Al pasar 4 días exactamente un sábado por la noche como ya se había hecho costumbre, el hijo de este señor tenia reunión y con la música a alto volumen hasta muy tarde lo cual sabemos le bajan solo cuando se les acabo la bebida.

Como han sido tantos años así, uno ya puede dormir a pesar del ruido así que nos fuimos todos a dormir y así fue, pero…

Esa vez antes de que apagaran la música, mi perro comenzó a ladrar y de repente comencé a sentir que había alguien en mi habitación abrí los ojos y me giré hacia donde sabía (de alguna manera) que había alguien ahí.

Era en el rincón que se genera entre la puerta y la pared, estaba completamente obscuro tanto que inclusive cuando mis ojos se acostumbraron a la falta de luz ese rincón seguía más obscuro de lo común.

La música paro y no dejaba de ladrar mi perro, no pude moverme más, ya que la sensación de que ahí estaba alguien era inmensa.
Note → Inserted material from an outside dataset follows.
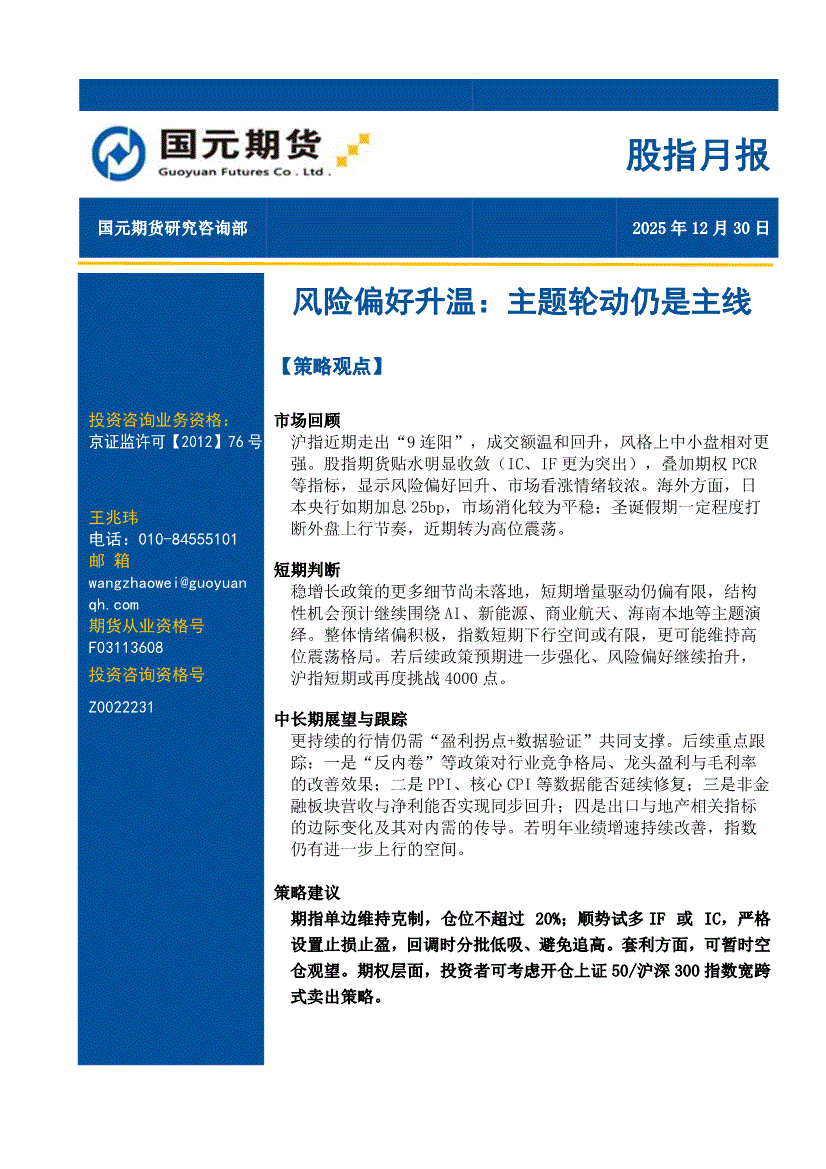 国元期货-股指月报:风险偏好升温~主题轮动仍是主线-251230

Habrán pasado según mis cálculos unas 4 horas y comenzó a verse la luz del amanecer. el perro no paro en toda la noche de ladrar… Cuando el rincón comenzó a iluminarse se fue definiendo una silueta obscura. Y puedo asegurarles que era mi vecino.

En cuanto reconocí la silueta mi perro dejo de ladrar y se ilumino más la habitación con el amanecer y me quede profundamente dormida.

Más tarde cuando ya desperté mi hermana se encontraba desayunado y me pregunto si había invitado a alguien la noche anterior. ¿Le pregunté -porque?” y me dijo “pues porque había alguien en tu cuarto y no pude dormir, sentía como miedo, además el perro no se callaba”.

Le preguntamos a mi mama si ella había sentido algo y nos dijo que no. Ni al perro escuchó ladrar. Para el domingo por la tarde la vecina de enfrente (la que nos contó los rumores) fue a la casa para jugar lotería como lo hacemos siempre.

Pero esa vez nos dijo que habían vuelto a ver a el vecino que falleció y que lo vieron cruzando la calle, saliendo de su casa… Mi casa está cruzando la calle. Les conté lo que había pasado y ese día le prendimos una veladora blanca y le dejamos un vaso con agua.

Yo personalmente le pedí una disculpa por la burla y desde entonces no he vuelto a verlo ni a burlarme de los muertos.